__Directions__. Could you retype exactly the lines below between the one holding "ブラックのボディをベースに、" and the one holding "SES Genel Merkezi, SES", inclusive, leaving out any pictures?

__Data section__.
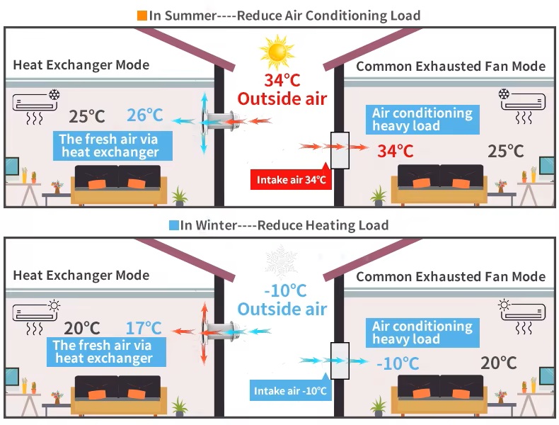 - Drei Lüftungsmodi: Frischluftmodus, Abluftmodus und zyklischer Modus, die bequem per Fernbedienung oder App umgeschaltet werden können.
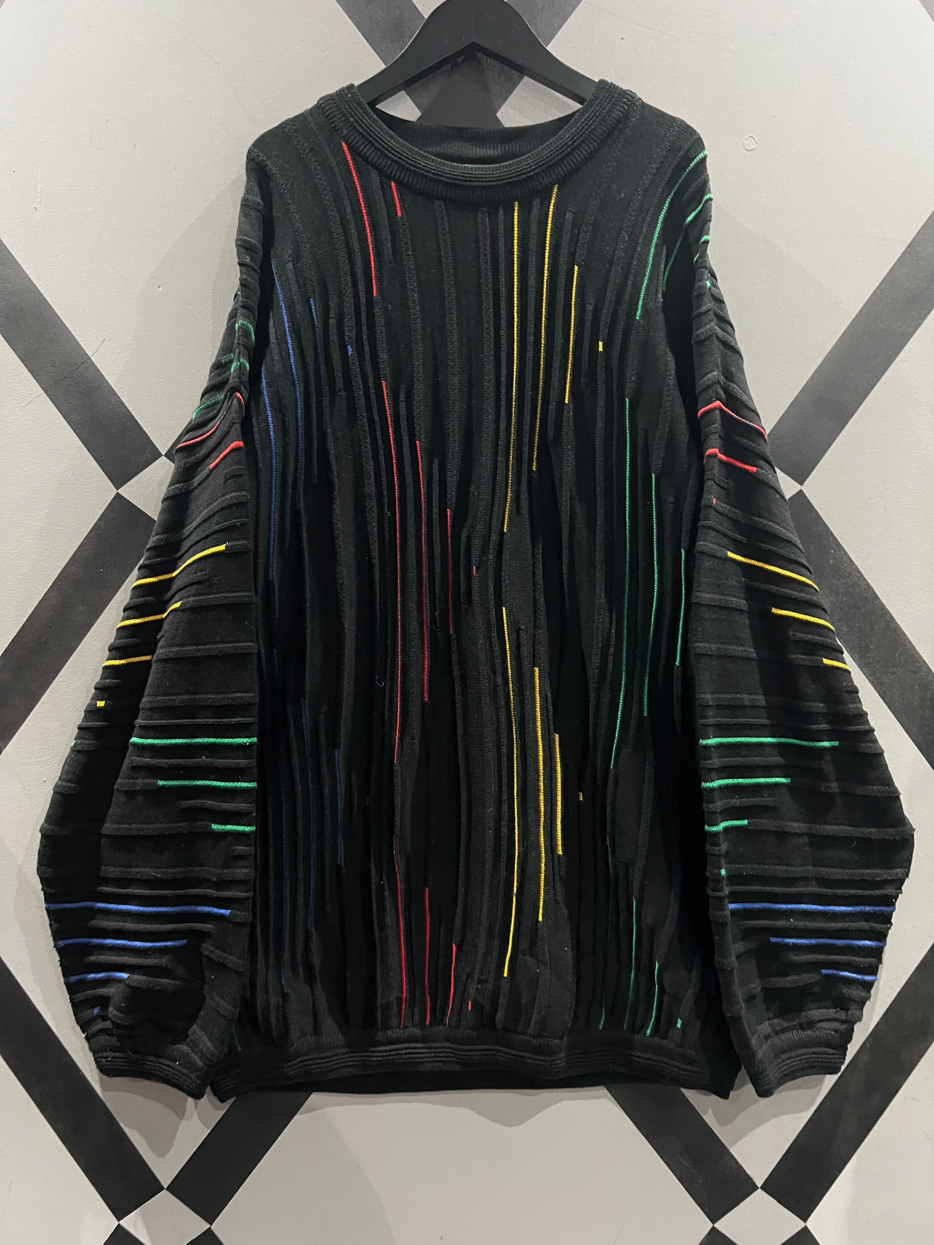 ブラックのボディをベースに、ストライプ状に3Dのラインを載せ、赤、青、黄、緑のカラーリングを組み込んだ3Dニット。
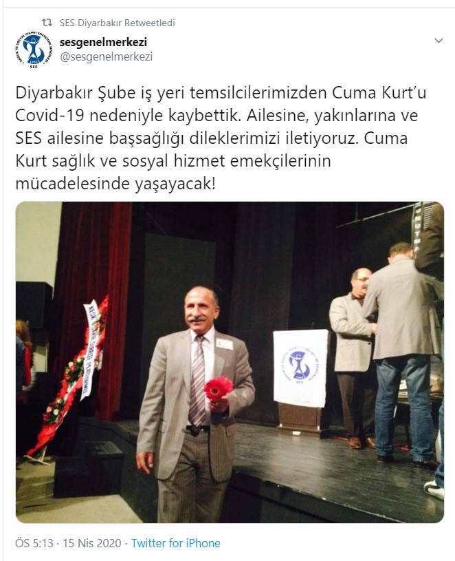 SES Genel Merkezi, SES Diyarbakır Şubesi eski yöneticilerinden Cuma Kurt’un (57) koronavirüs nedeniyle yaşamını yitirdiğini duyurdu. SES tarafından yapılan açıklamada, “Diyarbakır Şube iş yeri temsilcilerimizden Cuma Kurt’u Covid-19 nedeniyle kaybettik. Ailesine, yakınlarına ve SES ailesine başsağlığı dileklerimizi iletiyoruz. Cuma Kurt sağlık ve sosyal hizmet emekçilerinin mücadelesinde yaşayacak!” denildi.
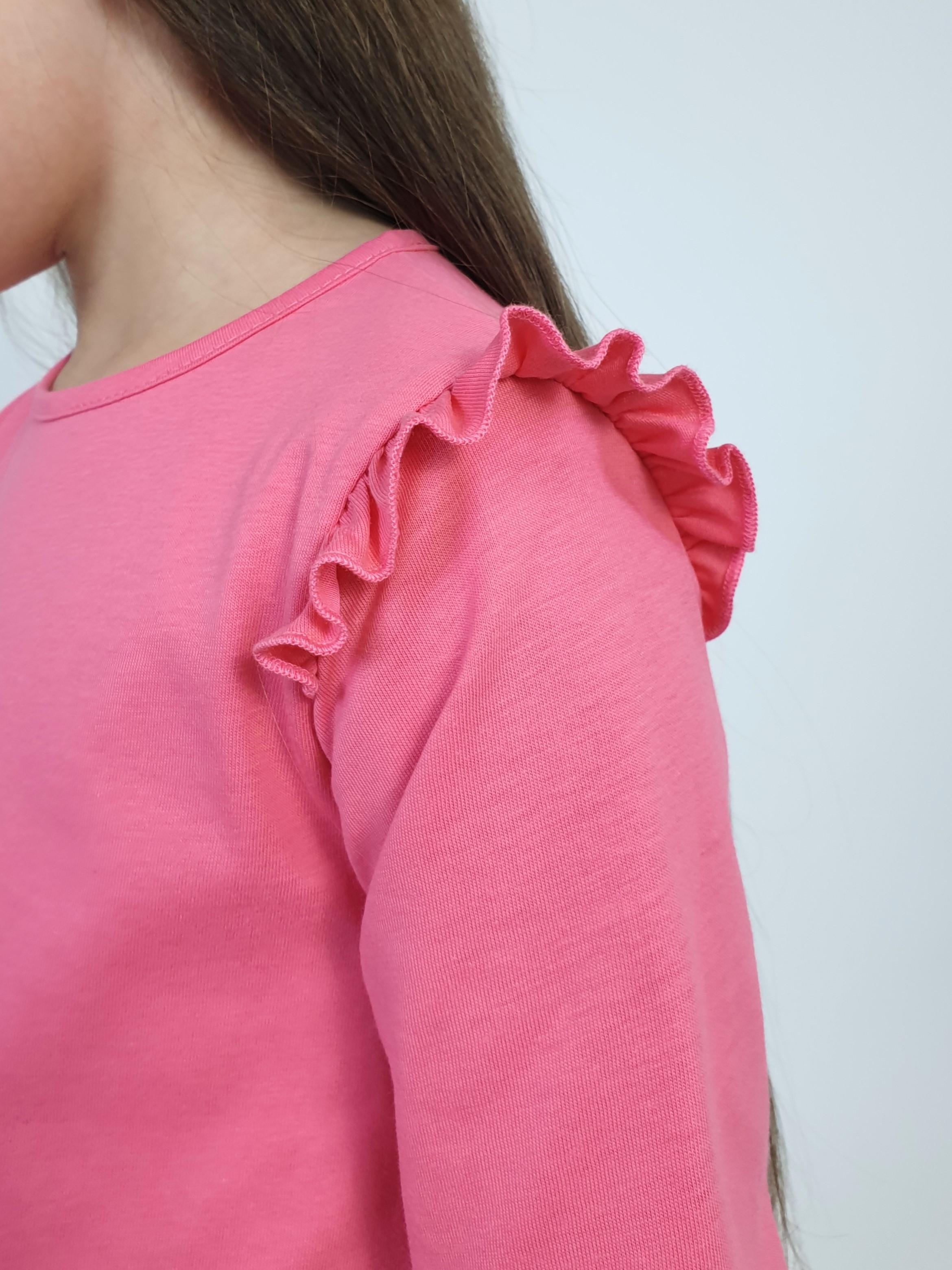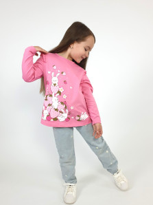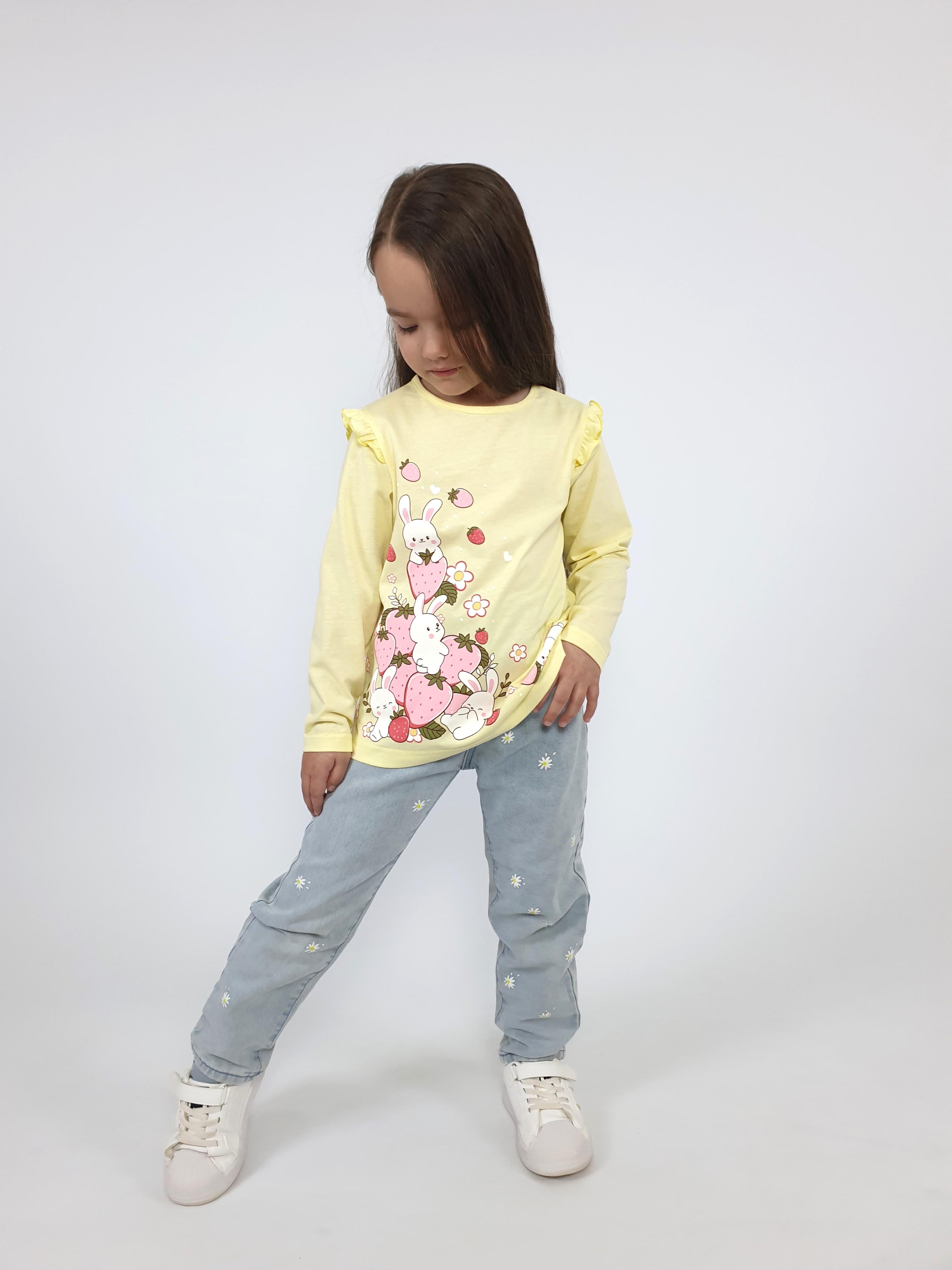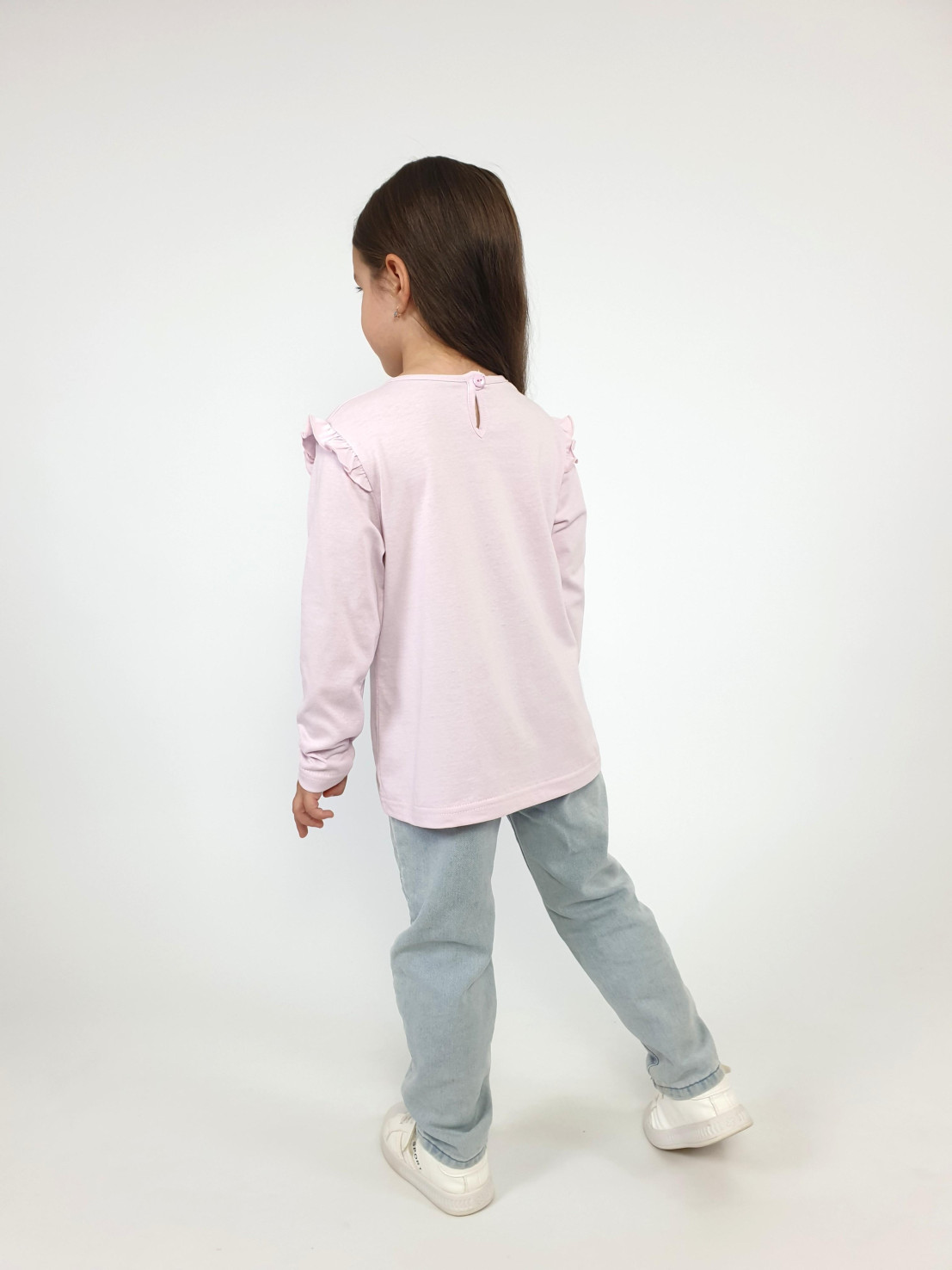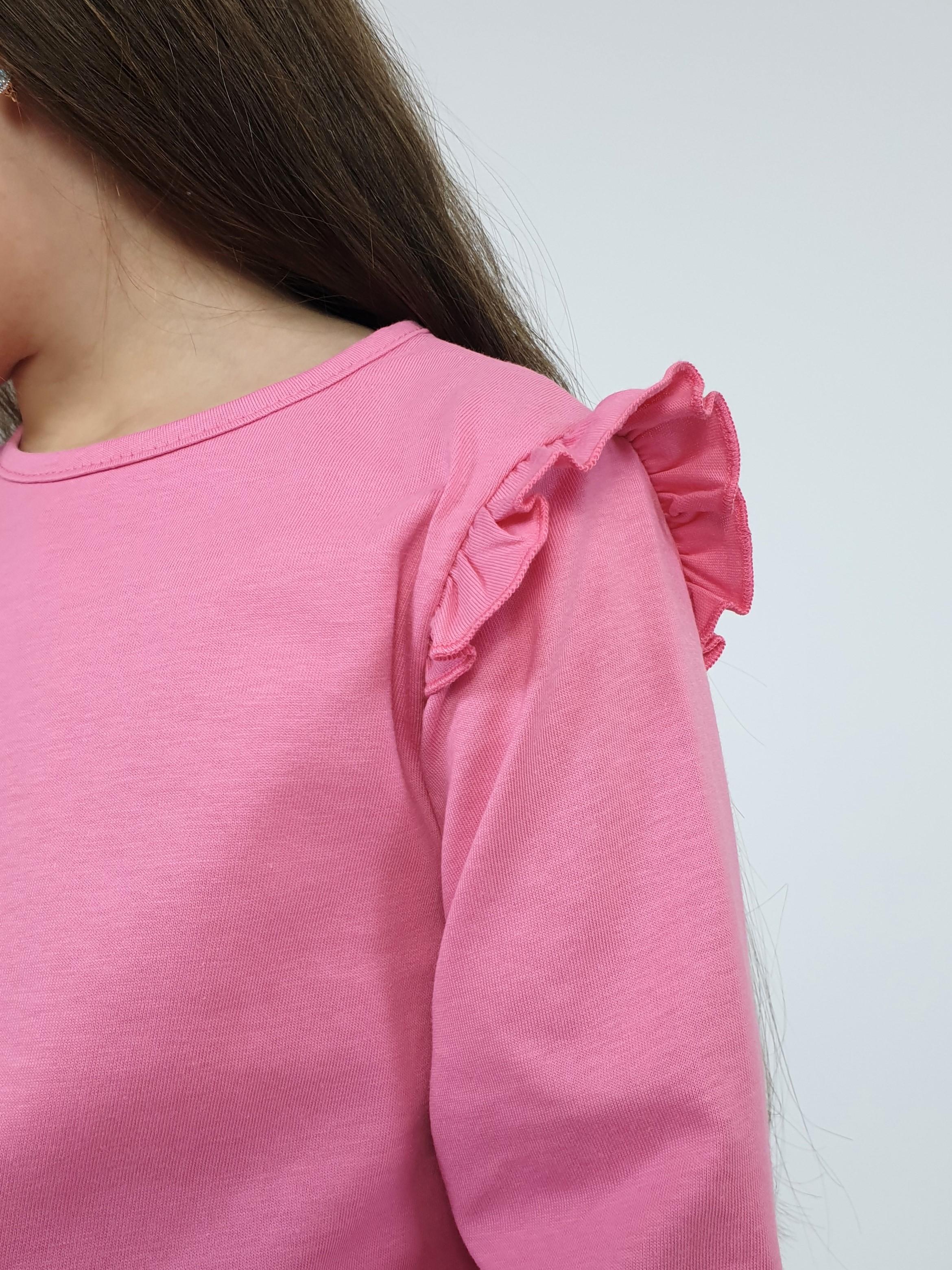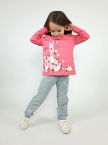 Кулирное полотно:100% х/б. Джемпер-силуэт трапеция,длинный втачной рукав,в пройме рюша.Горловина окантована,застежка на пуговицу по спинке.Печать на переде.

__Problem solution__.
 ブラックのボディをベースに、ストライプ状に3Dのラインを載せ、赤、青、黄、緑のカラーリングを組み込んだ3Dニット。
 SES Genel Merkezi, SES Diyarbakır Şubesi eski yöneticilerinden Cuma Kurt’un (57) koronavirüs nedeniyle yaşamını yitirdiğini duyurdu. SES tarafından yapılan açıklamada, “Diyarbakır Şube iş yeri temsilcilerimizden Cuma Kurt’u Covid-19 nedeniyle kaybettik. Ailesine, yakınlarına ve SES ailesine başsağlığı dileklerimizi iletiyoruz. Cuma Kurt sağlık ve sosyal hizmet emekçilerinin mücadelesinde yaşayacak!” denildi.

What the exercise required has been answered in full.